Once through the non-descript gates of WICS, our group which included a savvy Archbishop and Catholic scholars were on a sizeable campus. We were told that WICS was an international Muslim University and were shown huge rooms with wall-to-wall desk top computers and ranks of African students. The WICS Director was amiability itself. Uncertain polite applause followed my paper about Muslim-Christian relations in the UK. It looked like being a dull couple of days. Had we discovered that we were in the hub of one of Gadaffi’s many interesting covert operations, it might have proved more interesting.

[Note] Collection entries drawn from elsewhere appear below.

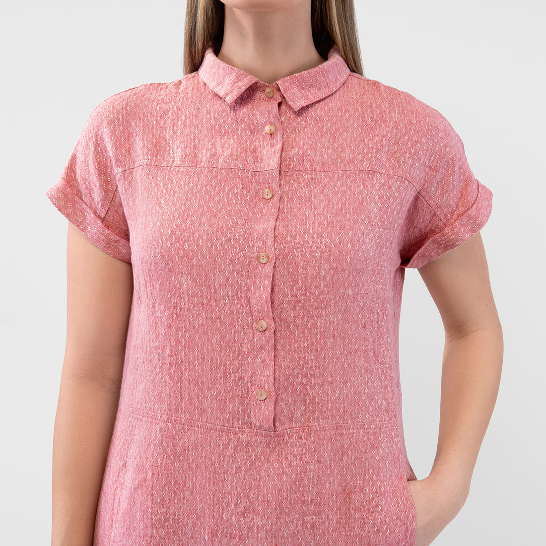 - Detaljer: klassisk skjortekrage med delvis knappestolpe, to sidelommer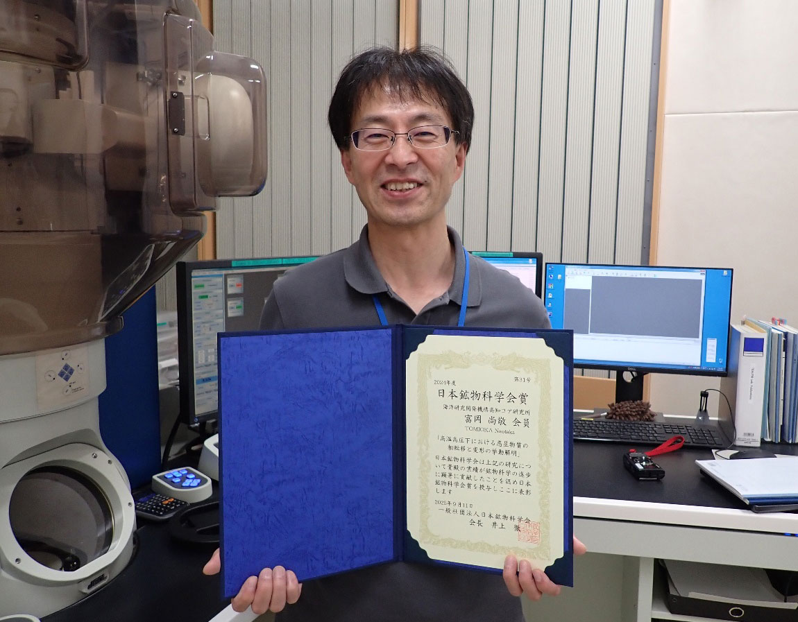 富岡尚敬上席研究員が2024年度日本鉱物科学会賞を受賞し(受賞題目:高温高圧下における惑星物質の相転移と変形の挙動解明)、2025年9月11日に山口大学で開催された⽇本鉱物科学会2025年年会・総会で表彰されました。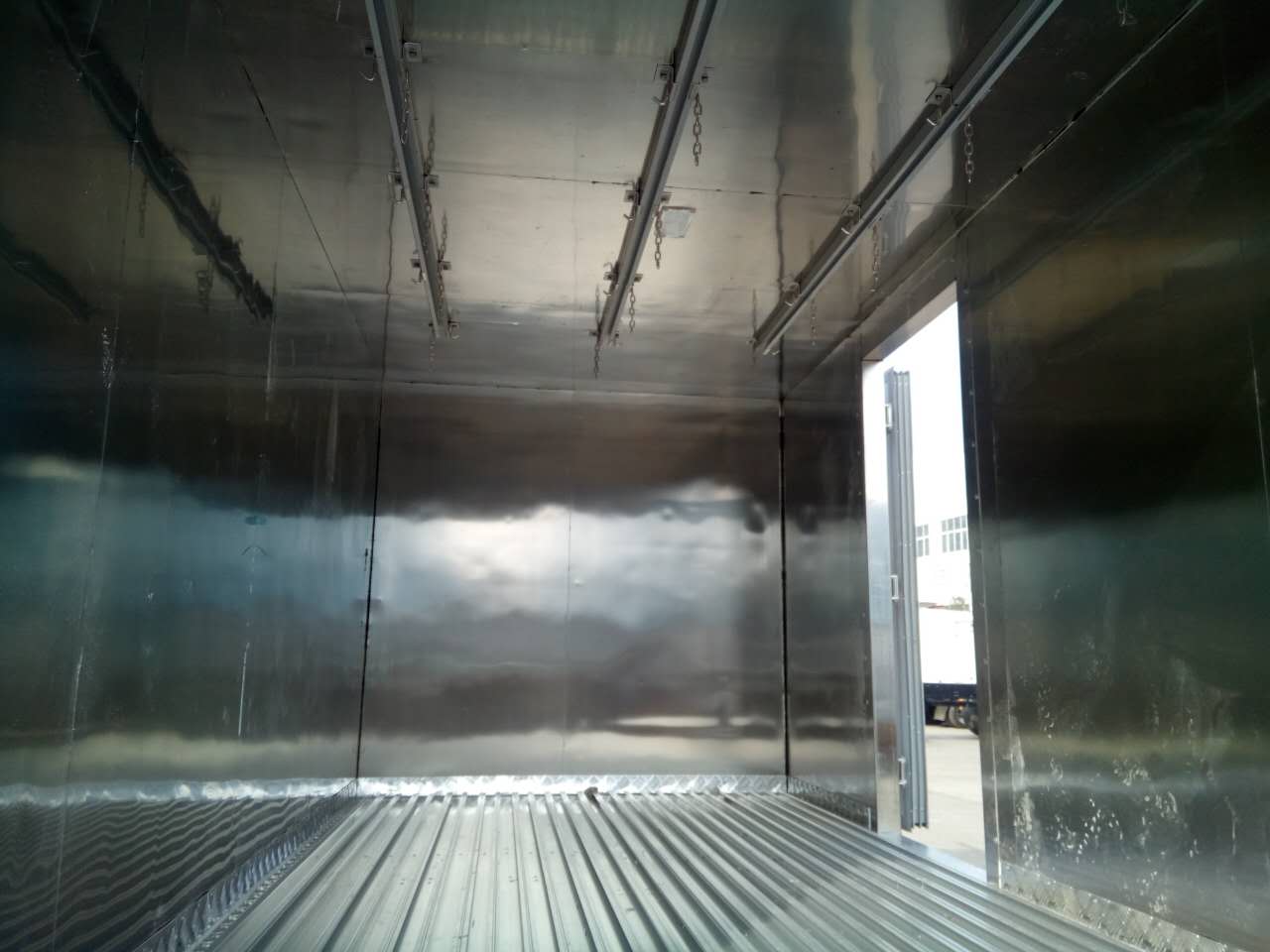 肉鉤冷藏車:其廂體采用拼裝技術,廂板采用全塑全封閉復合材料板組合結構,內外壁板選用優質玻璃鋼或合金防銹鋁板、不銹鋼板,中間夾層為聚氨脂發泡隔熱材料,各板塊間用高強度膠粘接,配以鋁合金型材鉚接成整體。在廂體與門體間加裝搞低溫絕熱密封條,門鎖機構采用國際廂式車不銹鋼標準件,廂板無接縫、外表光潔、易清洗、抗沖擊、耐腐蝕。可根據用戶需求專業設計任意側門、不同厚度廂板、夾隔不同溫區、不同材質及色彩的內外廂體蒙皮等。在冷藏車內設計安裝不銹鋼肉鉤,方便運輸裝卸鮮肉。 我公司生產的冷藏車均為廠家直銷,可發往全國各地,所有車型均有現貨供應、首付后,可貨到付款!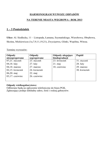 HARMONOGRAM WYWOZU ODPADÓW NA TERENIE MIASTA WĘGROWA - ROK 2013 1 – 3 Poniedziałek Ulice: Al. Siedlecka, 11 – Listopada, Łamana, Szymańskiego, Wierzbowa, Obrębowa, Skośna, Mickiewicza (1a,7,9,11,19,21), Zwycięstwa, Glinki, Wspólna, Witosa. Terminy wywozów: Odpady niesegregowane 07,21. styczeń 04,18. luty 04,18. marzec 02,15. kwiecień 06,20. maj 03,17. czerwiec Odpady segregowane 23. styczeń 27. luty 27. marzec 24. kwiecień 22. maj 26. czerwiec Odpady ulegające biodegradacji 23. kwiecień 21. maj 18. czerwiec Odpady wielkogabarytowe: Odbierane będą na zgłoszenie telefoniczne do biura PGK. Zgłaszający podaje dokładny adres, ilość i rodzaj gabarytów. Popiół 31. styczeń 28. luty 29. marzec 30. kwiecień HARMONOGRAM WYWOZU ODPADÓW NA TERENIE MIASTA WĘGROWA - ROK 2013 1 – 3 Wtorek Ulice: Chopina, Moniuszki, Ludwisarska, Kwiatowa, Nadrzeczna, Narutowicza, Polna, Rzemieślnicza, Sosnowa, Wieniawskiego, Żeromskiego, Klasztorna, Kilińskiego, Kowalska, Ogrodowa, Parkowa, Traugutta Terminy wywozów: Odpady niesegregowane 02,15. styczeń 05,19. luty 05,19. marzec 02,16. kwiecień 07,21. maj 04,18. czerwiec Odpady segregowane 09. styczeń 13. luty 13. marzec 10. kwiecień 08. maj 12. czerwiec Odpady ulegające biodegradacji 22. kwiecień 20. maj 17. czerwiec Odpady wielkogabarytowe: Odbierane będą na zgłoszenie telefoniczne do biura PGK. Zgłaszający podaje dokładny adres, ilość i rodzaj gabarytów. Popiół 29. styczeń 26. luty 28. marzec 29. kwiecień HARMONOGRAM WYWOZU ODPADÓW NA TERENIE MIASTA WĘGROWA - ROK 2013 1 – 3 Środa Ulice: Głowackiego, Jana Pawła, Kosynierów, Nowiny (II część), Połaniecka, Racławicka, Szamoty, Wiejska, Wesoła. Terminy wywozów: Odpady niesegregowane 02,16. styczeń 06,20. luty 06,20. marzec 03,17. kwiecień 02,15. maj 05,19. czerwiec Odpady segregowane 09. styczeń 13. luty 13. marzec 10. kwiecień 08. maj 12. czerwiec Odpady ulegające biodegradacji 22. kwiecień 20. maj 17. czerwiec Odpady wielkogabarytowe: Odbierane będą na zgłoszenie telefoniczne do biura PGK. Zgłaszający podaje dokładny adres, ilość i rodzaj gabarytów. Popiół 29. styczeń 26. luty 28. marzec 29. kwiecień HARMONOGRAM WYWOZU ODPADÓW NA TERENIE MIASTA WĘGROWA - ROK 2013 1 – 3 Czwartek Ulice: Barbasiewicza, Broniewskiego, Bujnowskiej, Kleberga, Kołłątaja, Krasickiego, Obr. Westerplatte, Piaskowa, Piwna, Przechodnia, Sikorskiego, Spacerowa, Staszica. Terminy wywozów: Odpady niesegregowane Odpady segregowane 03,17. styczeń 07,21. luty 07,21. marzec 04,18. kwiecień 02,16. maj 06,20. czerwiec 09. styczeń 13. luty 13. marzec 10. kwiecień 08. maj 12. czerwiec Odpady ulegające biodegradacji 22. kwiecień 20. maj 17. czerwiec Odpady wielkogabarytowe: Odbierane będą na zgłoszenie telefoniczne do biura PGK. Zgłaszający podaje dokładny adres, ilość i rodzaj gabarytów. Popiół 29. styczeń 26. luty 28. marzec 29. kwiecień HARMONOGRAM WYWOZU ODPADÓW NA TERENIE MIASTA WĘGROWA - ROK 2013 1 – 3 Piątek Ulice: Brzozowa, Gdańska, Grudzie I, Miedzanka, Poprzeczna, Świerkowa, Targowa, Zaciszna. Terminy wywozów: Odpady niesegregowane Odpady segregowane 04,18. styczeń 01,15. luty 01,15. marzec 05,19. kwiecień 06,17. maj 07,21. czerwiec 09. styczeń 13. luty 13. marzec 10. kwiecień 08. maj 12. czerwiec Odpady ulegające biodegradacji 22. kwiecień 20. maj 17. czerwiec Odpady wielkogabarytowe: Odbierane będą na zgłoszenie telefoniczne do biura PGK. Zgłaszający podaje dokładny adres, ilość i rodzaj gabarytów. Popiół 29. styczeń 26. luty 28. marzec 29. kwiecień HARMONOGRAM WYWOZU ODPADÓW NA TERENIE MIASTA WĘGROWA- ROK 2013 2 – 4 Poniedziałek Ulice: Al. Solidarności, Bagno, Boh. Warszawy, Gołębiewskiego, Gościniec Niepodległości, Jarnice, Klonowa, Lipowa, Litewska, Młodzieżowa, Piłsudskiego, Przemysłowa, Ruszczyzna, Rynkowa, Rynek Mariacki, Topolowa. Terminy wywozów: Odpady niesegregowane 14,28. styczeń 11,25. luty 11,25. marzec 08,22. kwiecień 13,27. maj 10,24. czerwiec Odpady segregowane 09. styczeń 13. luty 13. marzec 10. kwiecień 08. maj 12. czerwiec Odpady ulegające biodegradacji 22. kwiecień 20. maj 17. czerwiec Odpady wielkogabarytowe: Odbierane będą na zgłoszenie telefoniczne do biura PGK. Zgłaszający podaje dokładny adres, ilość i rodzaj gabarytów. Popiół 29. styczeń 26. luty 28. marzec 29. kwiecień HARMONOGRAM WYWOZU ODPADÓW NA TERENIE MIASTA WĘGROWA - ROK 2013 2 – 4 Wtorek Ulice: Konopnickiej, Kraszewskiego, Mickiewicza (16. 25, 29, 31, 33, 35, 37, 39), Orzeszkowej, Powstańców, Prusa, Reja, Różana, Sienkiewicza, Słowackiego, Korczaka, Jabłonowskiego, Matlińskich, Zarzyckiego. Terminy wywozów: Odpady niesegregowane Odpady segregowane 08,22. styczeń 12,26. luty 12,26. marzec 09,23. kwiecień 14,28. maj 11,25. czerwiec 23. styczeń 27. luty 27. marzec 24. kwiecień 22. maj 26. czerwiec Odpady ulegające biodegradacji 23. kwiecień 21. maj 18. czerwiec Odpady wielkogabarytowe: Odbierane będą na zgłoszenie telefoniczne do biura PGK. Zgłaszający podaje dokładny adres, ilość i rodzaj gabarytów. Popiół 31. styczeń 28. luty 29. marzec 30. kwiecień HARMONOGRAM WYWOZU ODPADÓW NA TERENIE MIASTA WĘGROWA - ROK 2013 2 – 4 Czwartek Ulice: Gajowa, Kościuszki, Leśna, Zelce, Żagana. Terminy wywozów: Odpady niesegregowane 10,24. styczeń 14,28. luty 14,28. marzec 11,25. kwiecień 08,23. maj 13,27. czerwiec Odpady segregowane 23. styczeń 27. luty 27. marzec 24. kwiecień 22. maj 26. czerwiec Odpady ulegające biodegradacji 23. kwiecień 21. maj 18. czerwiec Odpady wielkogabarytowe: Odbierane będą na zgłoszenie telefoniczne do biura PGK. Zgłaszający podaje dokładny adres, ilość i rodzaj gabarytów. Popiół 31. styczeń 28. luty 29. marzec 30. kwiecień HARMONOGRAM WYWOZU ODPADÓW NA TERENIE MIASTA WĘGROWA - ROK 2013 2 – 4 Piątek Ulice: Al. Partyzantów, Grudzie II, Grudzie III, Nowiny (I część), Pogodna, Północna, Słoneczna, Szeroka, Księ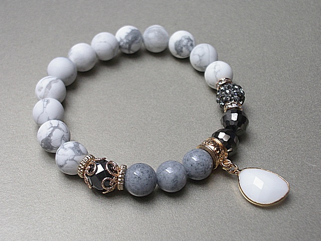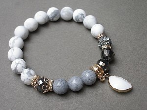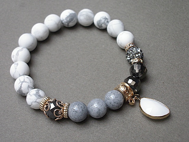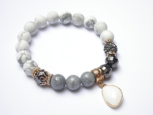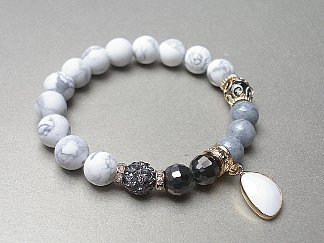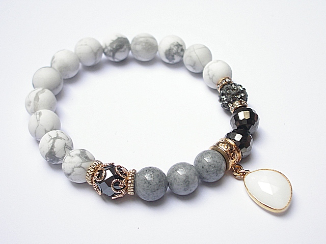 PROJEKT AUTORSKI. Bransoletka z kolekcji "RICH" charakteryzującej się wykorzystaniem w jednej bransoletce - mixu minerałów, kryształków, elementów ozdobnych, kryształków Swarovskiego, cyrkonii, przywieszek etc. . Model jest w sam sobie na tyle strojny, że nie wymaga uzupełnienia go dodatkowymi akcentami. Bransoletka wykonana z kamieni naturalnych - matowy howlit [10mm], marmur [10mm] , fasetowany hematyt [10mm], kryształków fasetowanych [10mm], efektownej przywieszki, kuleczki shamballa wysadzanej kryształkami Swarovskiego oraz elementów w kolorze złota. Bransoletka na gumce silikonowej. Pasuje na nadgarstek 16-17cm. Biżuteria ozdobnie zapakowana. Możliwość dopasowania bransoletki do nadgarstka - wcześniej prosimy o kontakt.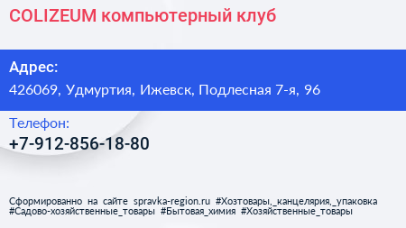 COLIZEUM, компьютерный клуб по адресу 426069, Удмуртия, Ижевск, Подлесная 7-я, 96 в дальнейшем Организация, размещена в следующих категориях: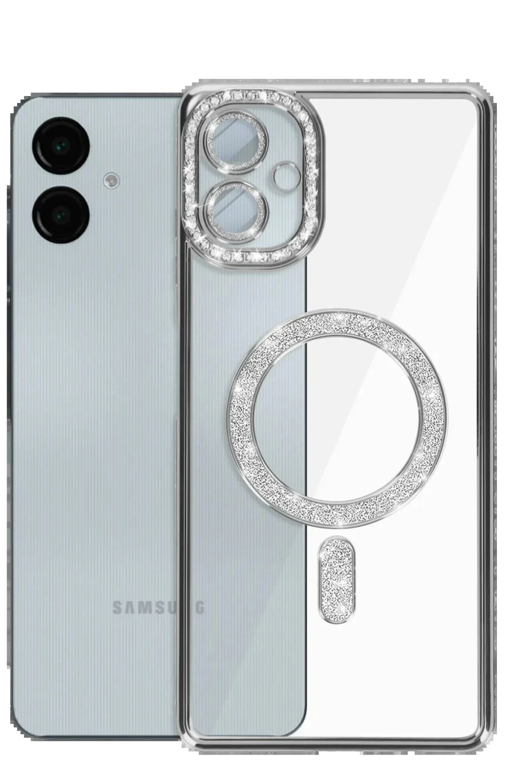 Samsung Galaxy A06 Joke Simli Magneticsafe Kılıf - Gümüş

I soon escaped and found a shop where I could buy some Attar of Roses. Behind the counter was a Brummie immigrant, perfume pipette at the ready. He had done well in Tripoli; delighted to speak English, he sang the praises of the city. It was hard to get away. A sadder experience was to see in a park near the Cathedral a considerable number of the people sleeping rough, mainly sub-saharan African migrants. The Cathedral was a migrant centre with masses in their different languages and lay workers trying to help. The bishop an Italian, Giovanni Martinelli, through sustained diplomacy had managed to keep the Catholic community safe. But the church in Benghazi had been attacked the day previously. The staff hid or would have been killed. I was told that Gadaffi had no real control over Benghazi. But elsewhere he afforded a degree of fragile religious tolerance that we had come to encourage.

Looking back, I wonder about the plight of the voluble Brummie from the perfume shop, and the dedicated Cathedral workers caring for overwhelming numbers of migrants. Despite the perseverance of the UN and the mediation of a number of different countries, including the UK’s contribution of experience gained from negotiating the Good Friday agreement, chaos reigns. And chaos is never kind to the poor. What you wonder after Iraq and Libya is worse? Living under tyranny or the consequences of a successful uprising and military intervention against it? Intervention or inaction?  

Without any civil society associations, public space is occupied by rival political factions and their militias. Without law there is only the authority of the gun and money. Only Tunisia validated the description “Arab Spring” though it is not without its problems, not least the hundreds of Tunisians that joined Da’esh. And Tunisia escaped any military intervention.

Like boiling water poured into a cup with old cracks, countries in violent transition and turmoil fall apart along their historical fault lines. The question is will the contents of the broken cup that is Libya come to include extremists that cross the Mediterranean. Italy was the major colonial player in the region and remains a negotiating partner with Libya a far as refugees and trafficked migrants are concerned. Cyrenaica with its capital Benghazi has always looked east to Egypt in times of trouble, and it is mainly President Sisi and Egypt, along with the UAE, and recently the Saudis, who are bankrolling and arming Haftar. Tripolitania in the north-west declared itself a Republic independent of Italy for four years after the end of the First World War. Fezzan in the south-west, under French military control 1943-1951, was and remains a wild region of desert transit, home to exiles, bandits and Bedouin and latterly oil wells. A fractured Libya contains a toxic mixture of militias and weapons unhelpfully supplied by parts of the Arab world.

After the Rwandan genocide, Canada promoted the Responsibility to Protect in the UN General Assembly. But Western intervention in Iraq and Libya, military might, bombing and Special Forces, without adequate plans and manpower to fill the vacuum left by a departing tyrant, show how virtuous intentions can have catastrophic consequences. Da’esh has already had one try at settling in. The peace-making perseverance that the UN manages to sustain in the face of failure is the only way forward.